The line containing "Fallecido en Melsbroek (1820)", plus every line that follows it to the end of the listing below, is what you transcribe exactly; omit all pictures.

→ Source material
__________
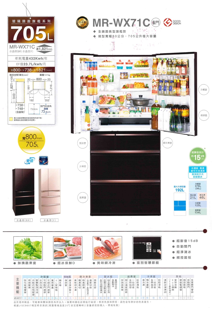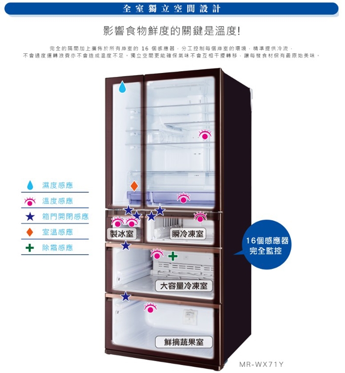 【MITSUBISHI 三菱】日本原裝705L 六門變頻電冰箱(MR-WX71C)
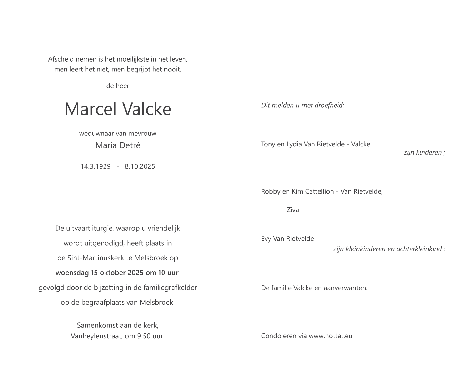 Fallecido en Melsbroek (1820) el miércoles, 8 de octubre de 2025 a la edad de 96 años
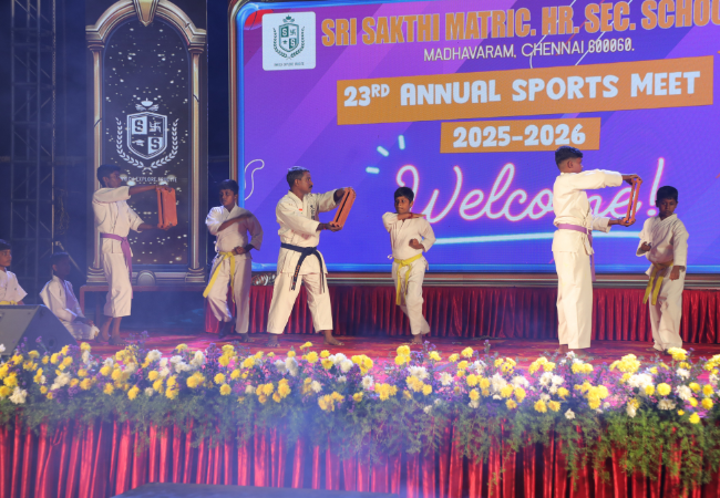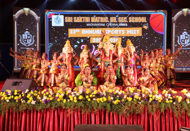 Sri Sakthi Matric. Hr. Sec. School, Madhavaram, successfully conducted our 23rd Annual Sports Meet 2025–26 on 31 January 2026 at Lord of Turfz, Madhavaram. The event was filled with energy, enthusiasm, and true sportsmanship as our students showcased their talents in various track and field events. The inspiring presence of our esteemed guests made the evening even more memorable, encouraging our young achievers to strive for excellence.
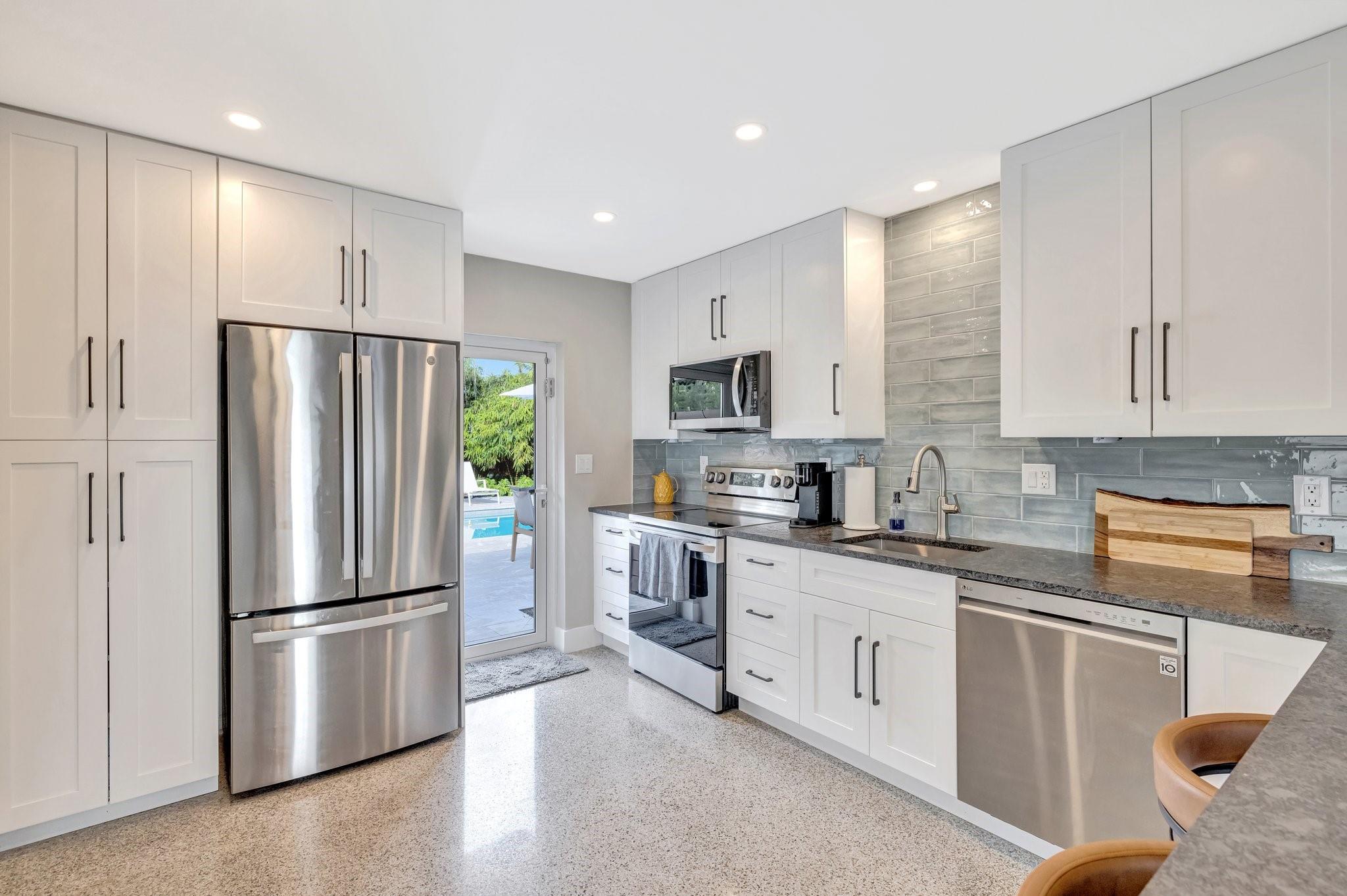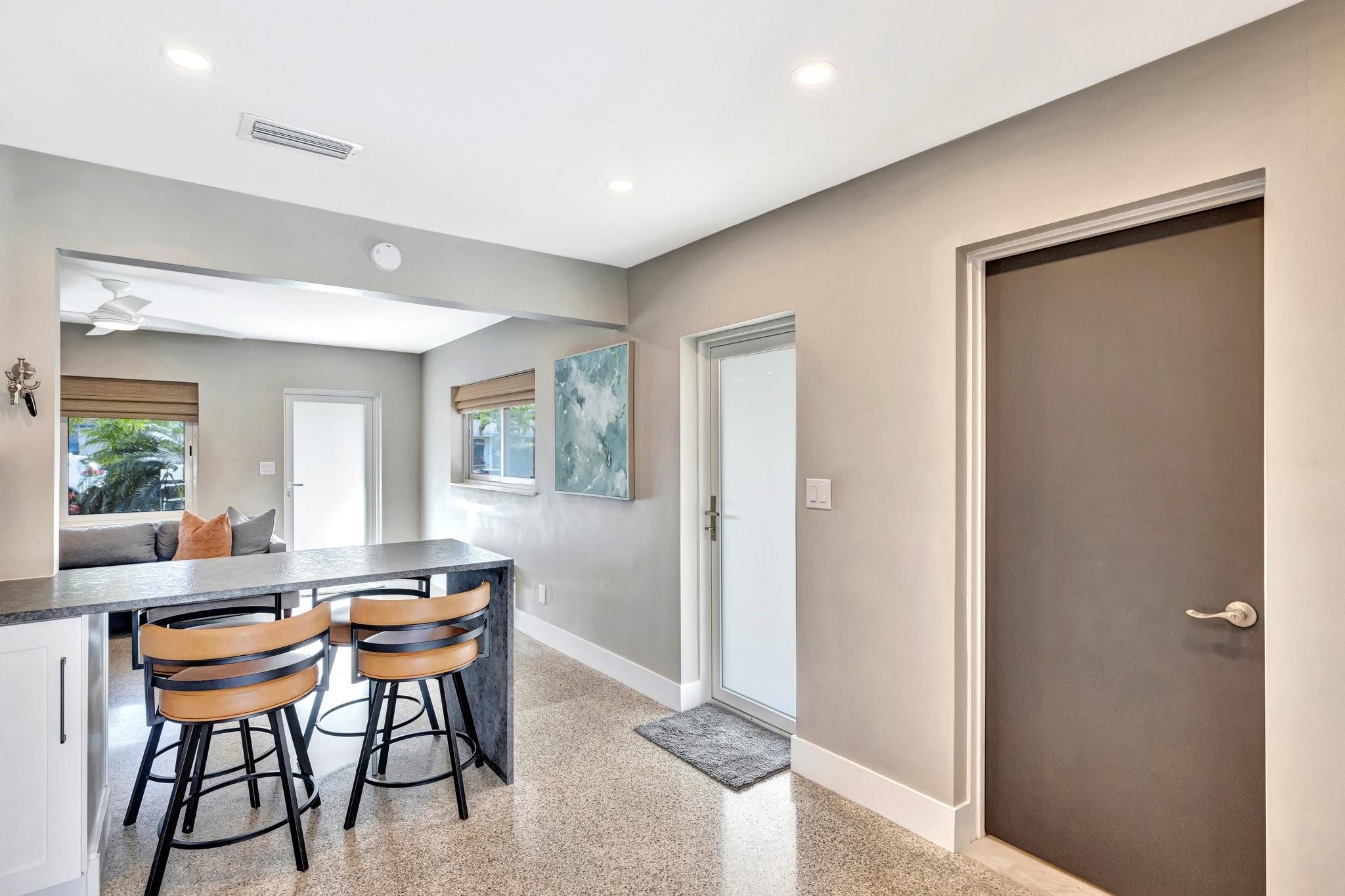 Welcome to this beautifully renovated home in the popular North Andrews Gardens neighborhood. Featuring a brand-new heated & chilled saltwater pool and resort-style landscaping, this home has been thoughtfully remodeled with high-quality finishes rarely found at this price point. The exquisite refinished terrazzo flooring flows throughout most of the home. The updated kitchen boasts leather-finished granite, stainless steel appliances, and shaker-style cabinetry. Other highlights include updated bathrooms, new roof, electrical, plumbing, HVAC, and impact windows/doors. Custom bamboo roman shade window treatments, freshly painted inside & out, private backyard oasis, open front porch, and easy access to beaches, downtown Fort Lauderdale, and I-95 complete this gem!
__________
→ Answer below
 Fallecido en Melsbroek (1820) el miércoles, 8 de octubre de 2025 a la edad de 96 años
 Sri Sakthi Matric. Hr. Sec. School, Madhavaram, successfully conducted our 23rd Annual Sports Meet 2025–26 on 31 January 2026 at Lord of Turfz, Madhavaram. The event was filled with energy, enthusiasm, and true sportsmanship as our students showcased their talents in various track and field events. The inspiring presence of our esteemed guests made the evening even more memorable, encouraging our young achievers to strive for excellence.
 Welcome to this beautifully renovated home in the popular North Andrews Gardens neighborhood. Featuring a brand-new heated & chilled saltwater pool and resort-style landscaping, this home has been thoughtfully remodeled with high-quality finishes rarely found at this price point. The exquisite refinished terrazzo flooring flows throughout most of the home. The updated kitchen boasts leather-finished granite, stainless steel appliances, and shaker-style cabinetry. Other highlights include updated bathrooms, new roof, electrical, plumbing, HVAC, and impact windows/doors. Custom bamboo roman shade window treatments, freshly painted inside & out, private backyard oasis, open front porch, and easy access to beaches, downtown Fort Lauderdale, and I-95 complete this gem!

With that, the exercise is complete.